Journée d'études “Appartenance locale"
Les liens de l’appartenance : les personnes et les choses Istanbul
13 et 14 décembre 2014

Notre rencontre voudrait être le lieu d’une interrogation sur la qualité et le poids des choses dans la construction des droits de l’appartenance. En effet, l’hypothèse est que les choses, loin d’être inertes ou neutres, ont des effets dans la création des liens sociaux par lesquels se revendiquent ou s’affirment les droits d’appartenance. Aux biens a été traditionnellement attribuée, par les sciences sociales, une place centrale dans le processus d’acquisition de ces droits. La propriété immobilière notamment s’est avérée sous cet angle être un puissant vecteur de ce processus Expression d’une volonté individuelle ou familiale de résider et d’investir dans une localité, les propriétés sont aussi des pièces essentielles dans des politiques de prestige qui pourraient caractériser des parcours d’intégration.

De plus, et peut-être principalement, la propriété est la base des prélèvements fiscaux qui sont souvent la première preuve de l’appartenance à une communauté. Enfin, c’est à travers l’acquisition de propriétés que peuvent se nouer ces relations de confiance qui introduisent au milieu des “locaux”. Ces différents exemples soulignent le lien entre l’appropriation des choses et les possibilités de créer des liens d'appartenance.

Pour interroger le poids des choses dans la construction de ces liens, trois axes principaux peuvent être considérés.

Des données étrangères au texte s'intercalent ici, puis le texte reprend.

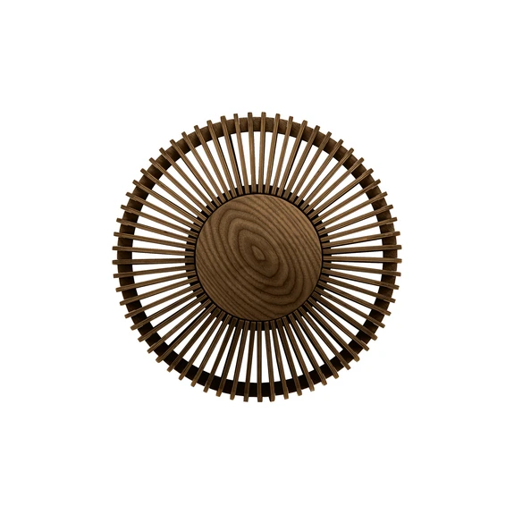 Clava Up Wood Væg-/Loftlampe Medium Dark Oak er en stilfuld lampe, fremstillet i laserskåret trælameller. Lampen er yderst dekorativ i sig selv, men får et ekstra niveau af elegance, når den tændes. Lyset kastes ud gennem lamellerne og skaber et spændende spil mellem lys og skygge, der allermest minder om solens stråler.

1) Un premier axe de réflexion portera donc sur ces droits personnels. Le problème est celui de comprendre comment ce droit à la propriété s’articule aux hiérarchies sociales et juridiques (pauvres, riches, jeunes, hommes, femmes, étrangers, locaux...) ; parallèlement, le problème est aussi de comprendre comment la possibilité d’accès à ce droit est en mesure de charpenter ces mêmes hiérarchies. Ce terrain ouvre des voies à la comparaison qui passent non pas par des catégoriés préétablies (les conditions de pauvre, de riche, de femme, d’étranger, etc.), mais par la reconstitution du processus de leur formation. Par exemple, comment la possibilité différentielle d’avoir accès à la propriété entre-t-elle dans la définition de ce qu’est un étranger (mais aussi une femme, un homme etc.) dans une société donnée ?

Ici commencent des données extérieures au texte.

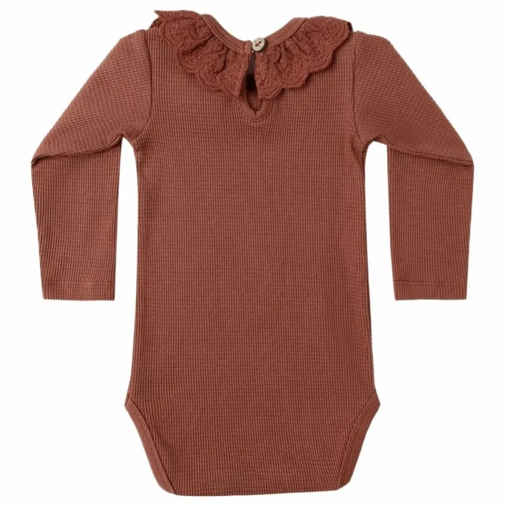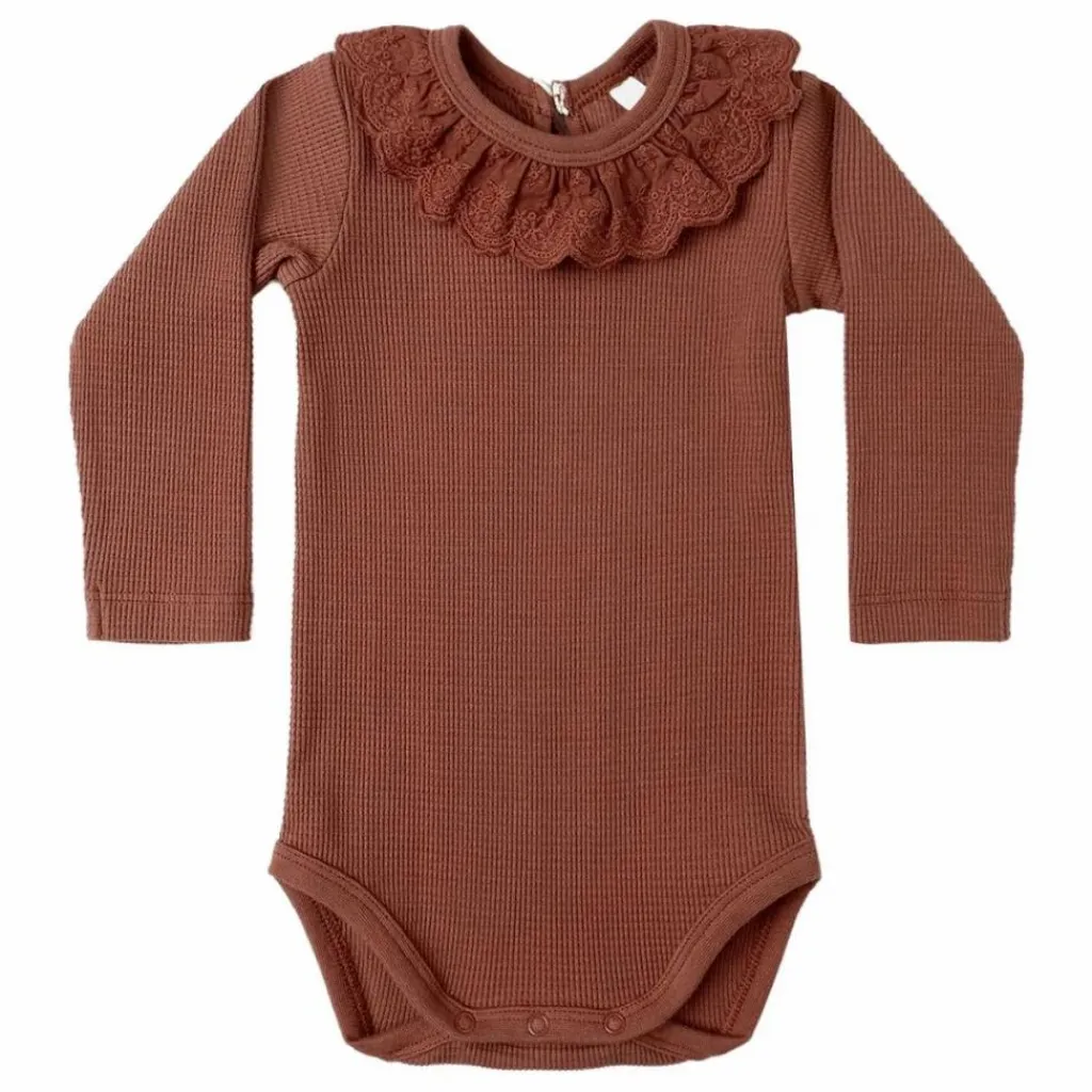 - Combinaison à manches longues, avec un joli col à volants. Toutes les tailles ont des boutons-pression à l’entrejambe pour faciliter le changement de vêtements ;

2) Le deuxième axe portera sur les droits réels, c’est à dire sur ces droits qui sont attachés aux choses et aux biens et qui, des choses et des biens, sont transposés aux individus. Par exemple, la fiscalité qui, dans une grande variété de situations géographiques et historiques, est liée à l'attribution des droits d’appartenance, est souvent axée sur les propriétés, et non pas sur les individus qui, par ce truchement, deviennent dépositaires de ces droits. De même, les individus sont investis de ces droits en fonction de leur position par rapport aux biens. Ainsi est-ce le bien qui fait d’une succession l’héritier ; ou encore est-ce l’usage, la proximité ou la familiarité reconnues avec un bien. Ce qui restitue aux pratiques sociales toute leurs capacités à produire des droits. On se demandera comment et sous quelles formes ces droits de propriété penvent agir dans la diversité de nos terrains d’études.

3) Choses, personnes, institutions : un troisième axe portera sur les interactions des droits personnels et réels au sein des institutions, autrement dit sur les conflits sociaux des droits personnels et réels. En effet, on peut lire les conflits sociaux autour des ressources locales comme des revendications concurrentes de droits d’appartenance. Le cadre institutionnel de la résolution de ces conflits représente belle et bien la scène de la politique locale. Les choses, donc, seront au centre de notre rencontre, ainsi que l’articulation entre personnes et choses, entre droits personnels et droit réels. Cela revient aussi à interroger la complexité et l’hétérogénéité des matériaux qui sont mobilisés dans la construction de l’appartenance locale.